Directions:
The line with "little girl of" marks the first line to copy, and the line with "Includes dual-axle aluminum" marks the last. Transcribe that stretch of the data below exactly, without pictures.

Data supplied:
**********
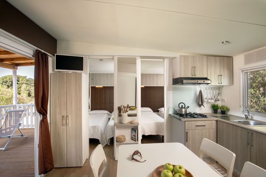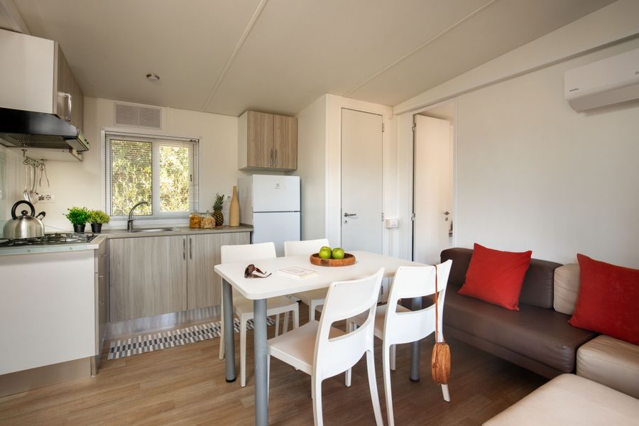 Indkvarteringsmulighederne omfatter moderne og funktionelle mobile hjem, med tilgængelige mobile hjem for personer med handicap, og rummelige pladser omgivet af grønne områder i vores campingområde, ideelle for dem, der søger en ægte kontakt med naturen uden at gå på kompromis med komforten.
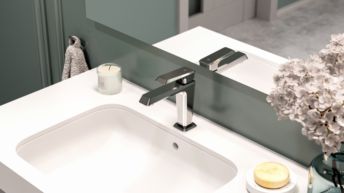 A faucet with a massive shape characteristic of the entire collection, highlighted by a chrome coating with a shiny effect. The geometric forms of individual elements marked with a rounded line have elegant "cuts" that harmonize with the whole. A faucet equipped with modern solutions allows for economical water management and reduction of household expenses. It combines good taste and fashionable trends. It is an ideal proposition for industrially arranged interiors dominated by geometry and minimalism.
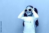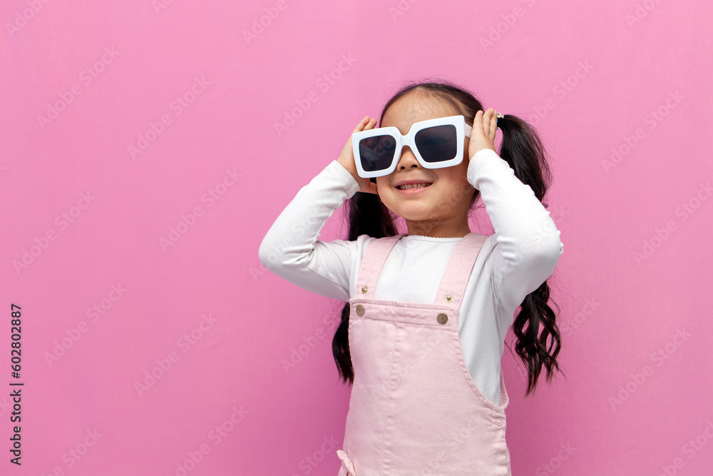 little girl of preschool age in white sunglasses and pink sundress on pink isolated background, child in glasses looks
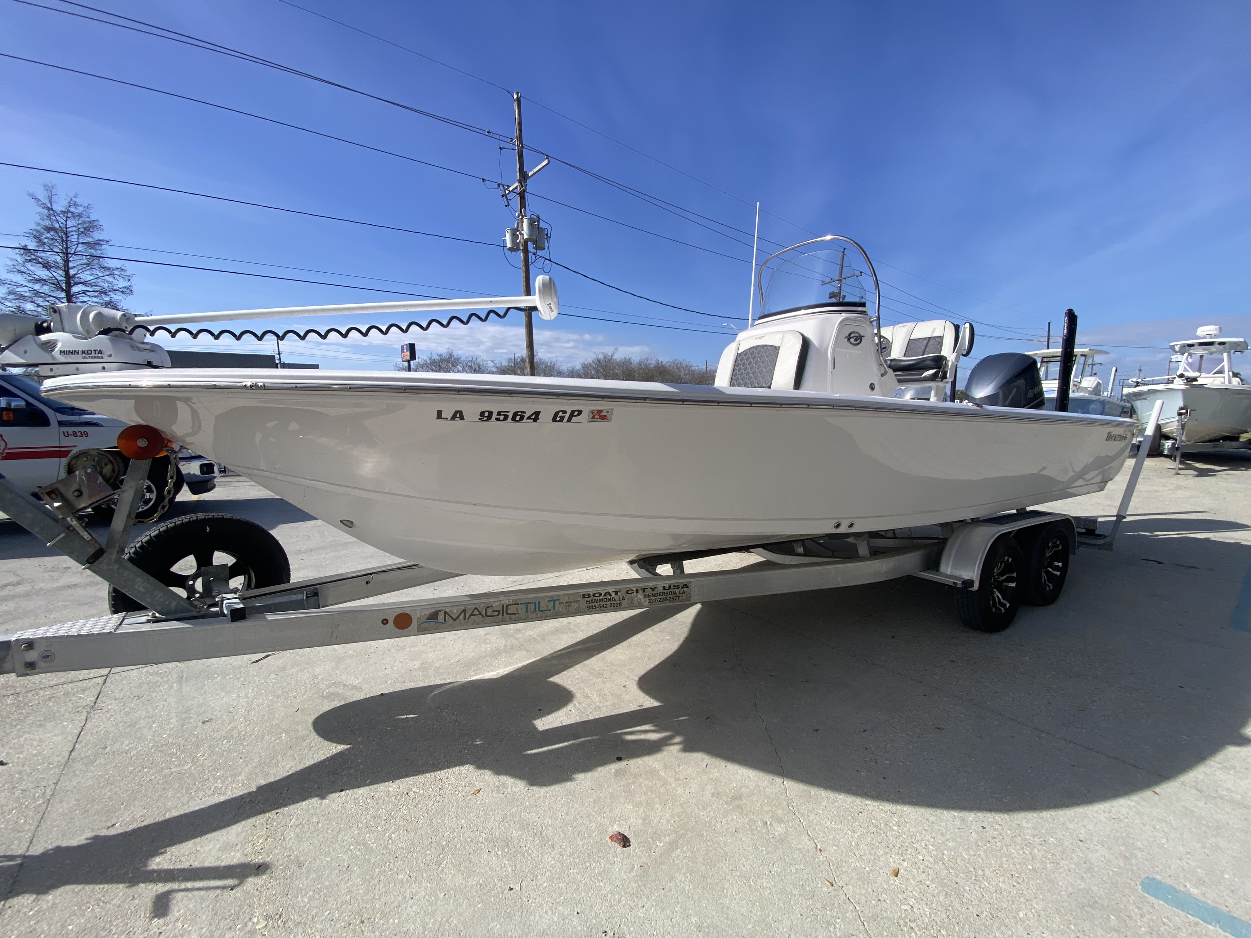 Includes dual-axle aluminum trailer (almost new – boat stored mostly on a lift)
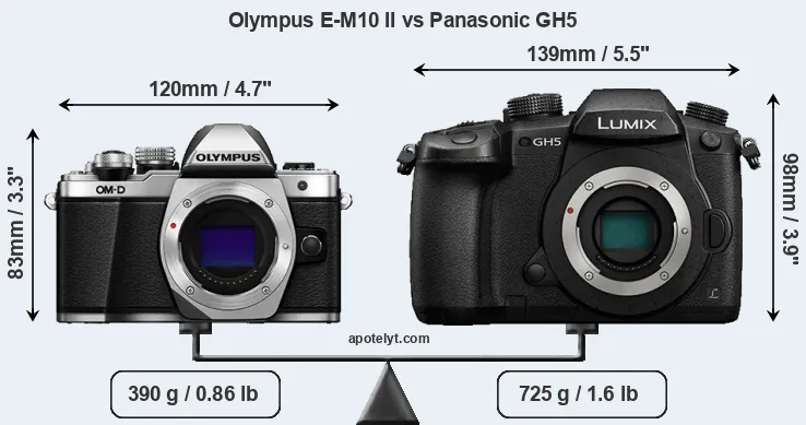 If the front view area (width x height) of the cameras is taken as an aggregate measure of their size, the Panasonic GH5 is notably larger (37 percent) than the Olympus E-M10 II. Moreover, the GH5 is substantially heavier (86 percent) than the E-M10 II. It is noteworthy in this context that the GH5 is splash and dust-proof, while the E-M10 II does not feature any corresponding weather-sealing.
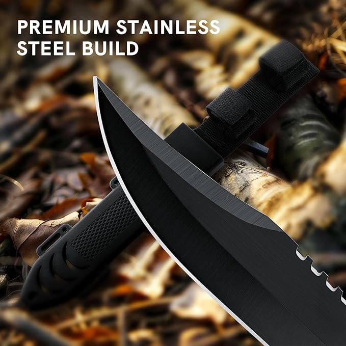 Dispatch Fixed Blade Hunting Knife with Sheath, 12-inch Survival Knives for Men Tactical Bowie Knife with Non-Slip Handle for Bushcraft, Outdoor Camping
**********
Response to the exercise:
 little girl of preschool age in white sunglasses and pink sundress on pink isolated background, child in glasses looks
 Includes dual-axle aluminum trailer (almost new – boat stored mostly on a lift)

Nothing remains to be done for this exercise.